同じく軽微な改善だが、スナップは便利そうだ。Windows 10は、ショートカットキーでウィンドウを2分の1や4分の1にリサイズする機能を備えているが、これらの操作がGUIから実行可能になる。Windows 10用Power Toys(ユーティリティツール)は、ウィンドウの配置をカスタマイズするFancy Zonesという機能を提供しているが、より分かりやすく、機能を提示したのは長所の1つに数えるべきだろう。

  • ウィンドウのリサイズをGUIから実行するスナップ。出力先として外部ディスプレイを選択しても、ウィンドウレイアウトは維持していた

システム的には「Windows Updateが40%小さく、バックグラウンドで更新が発生する際に効果を発する」(Microsoft CPO, Panos Panay氏)という点が興味深い。

Windows 10の累積更新プログラムは、差分ダウンロードを廃止しつつも、必要なコンポーネントのみ更新する方式に変更している。

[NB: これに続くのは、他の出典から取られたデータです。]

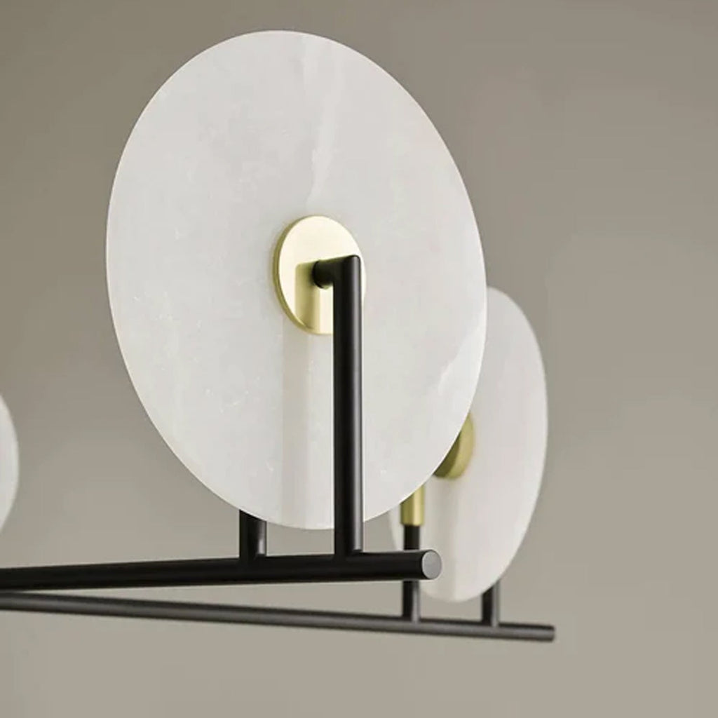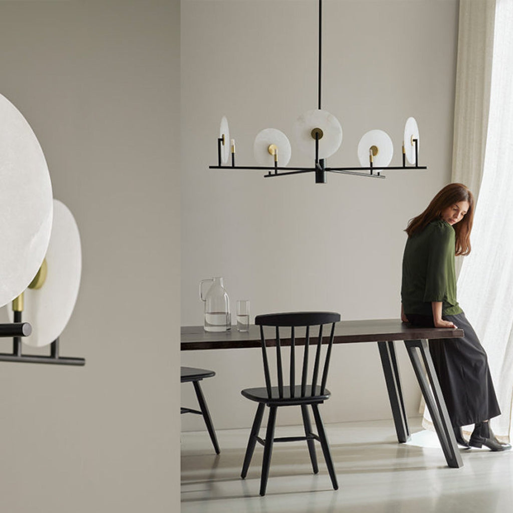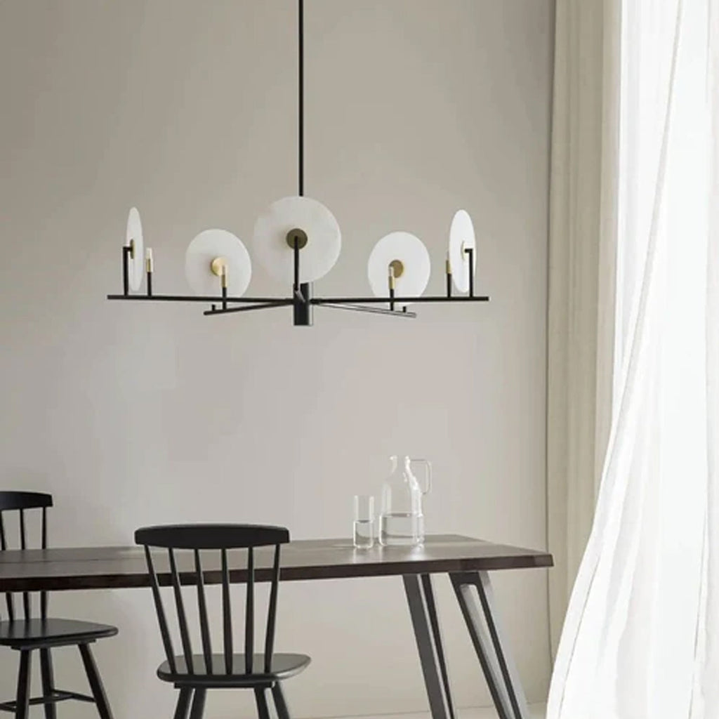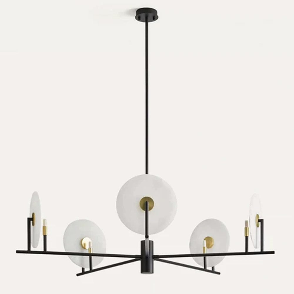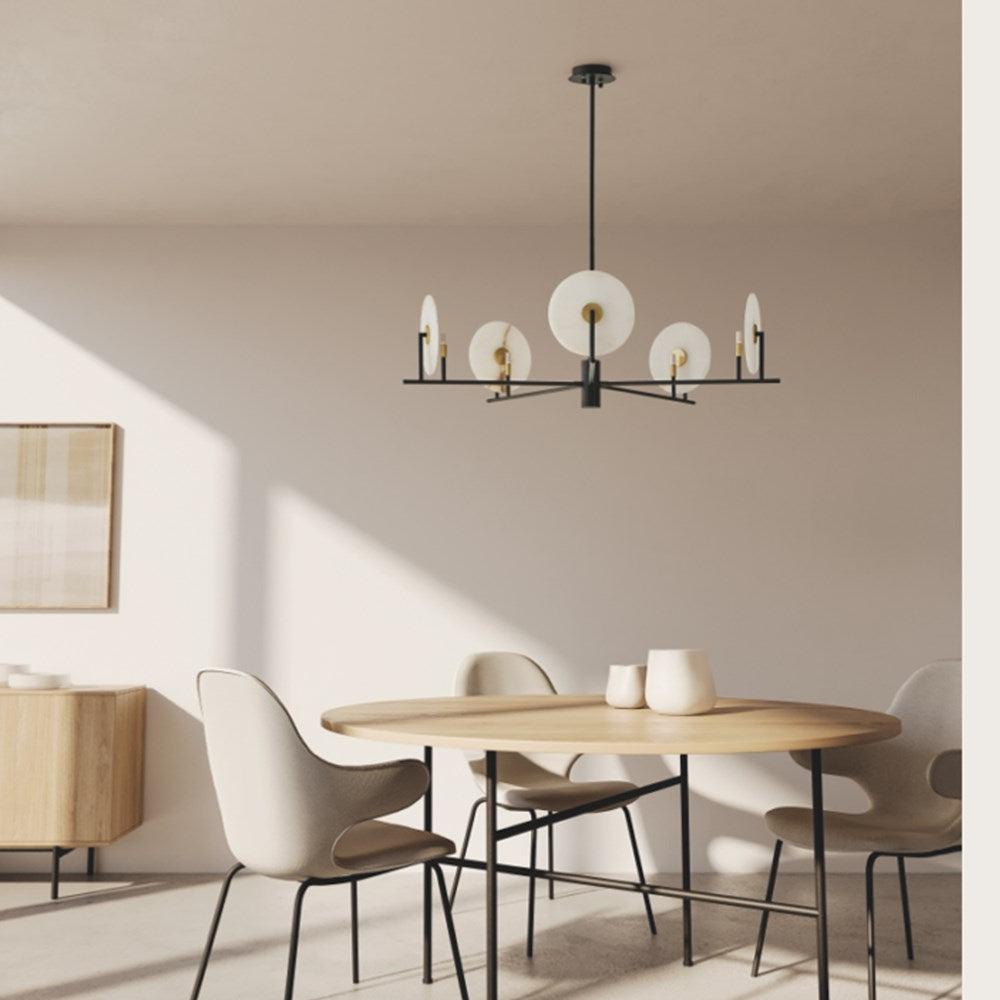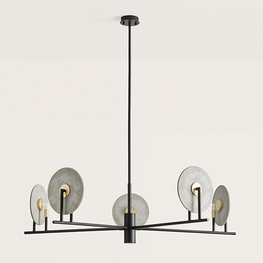 Erto Pendant Light 5lt in Matt Black and Matt Brass w/ Ceramic, Metal, Striped Metal, Glass or Alabaster Disc

Panay氏の発言が何を比較対象としているのか不明だが、Windows 11でも定期的な更新プログラムの適用が必要であることを踏まえると、日々の運用は多少なりとも楽になりそうだ。ただし、本稿執筆時点のWindows 10 Insider Previewでは、その片りんは確認できない。個人的にはPCゲームのパートで披露したDirectStorageにも引かれる。

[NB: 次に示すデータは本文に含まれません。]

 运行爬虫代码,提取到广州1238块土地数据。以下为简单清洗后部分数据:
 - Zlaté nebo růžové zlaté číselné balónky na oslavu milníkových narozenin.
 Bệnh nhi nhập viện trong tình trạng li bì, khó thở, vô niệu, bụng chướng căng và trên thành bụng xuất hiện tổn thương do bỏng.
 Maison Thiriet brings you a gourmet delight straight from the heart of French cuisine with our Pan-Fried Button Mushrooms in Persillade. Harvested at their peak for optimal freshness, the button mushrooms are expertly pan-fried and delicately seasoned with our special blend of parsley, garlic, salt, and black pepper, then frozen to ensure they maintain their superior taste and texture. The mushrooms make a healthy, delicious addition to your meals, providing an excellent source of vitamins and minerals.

  • システム面では、Auto HDRのサポートも機能改善の1つ。「Skyrim」を例にSDRとHDRの出力を比較していた

このほかにも、タスクバーにピン留めしたMicrosoft Teamsから、チャットやビデオ通話を実行できる機能を搭載。今はなきPeopleツールバーを彷彿(ほうふつ)させる機能だ。また、Microsoft Storeの再構築や、Androidアプリの実行など興味深い機能も実装している。後者については、Windows 10 Insider Previewを一部のAndroidデバイスと組み合わせることで実現済みだが、対応するデバイスの範囲をどこまで拡大できるかが鍵となりそうだ。

  • Windows 11上で「フォト」と同時にAndroidアプリと思われる「TikTok」が動作している。対応アプリはMicrosoft Store経由で取得可能だという

Microsoftは「Windowsは単なるOSではない。プラットフォームだ」(同社CEO, Satya Nadella氏)との発言を、本イベントの締め言葉に用いている。個人の生産性を高めると同時に、可能性を広げるための基盤であることに異論はないが、開発者向けイベントのBuild 2021で述べた「過去10年間のもっとも重要なアップデートの1つ」(Nadella氏)というほど革新的な変更は見受けられなかった。とはいえ過去のWindowsを振り返れば、UIよりもむしろ内部的な更新が大きな要因だったようにも思える。単にWindows 10を更新し続けるのではなく、ブランド再構築の道を選択したMicrosoftの判断はこの先どう展開していくだろうか。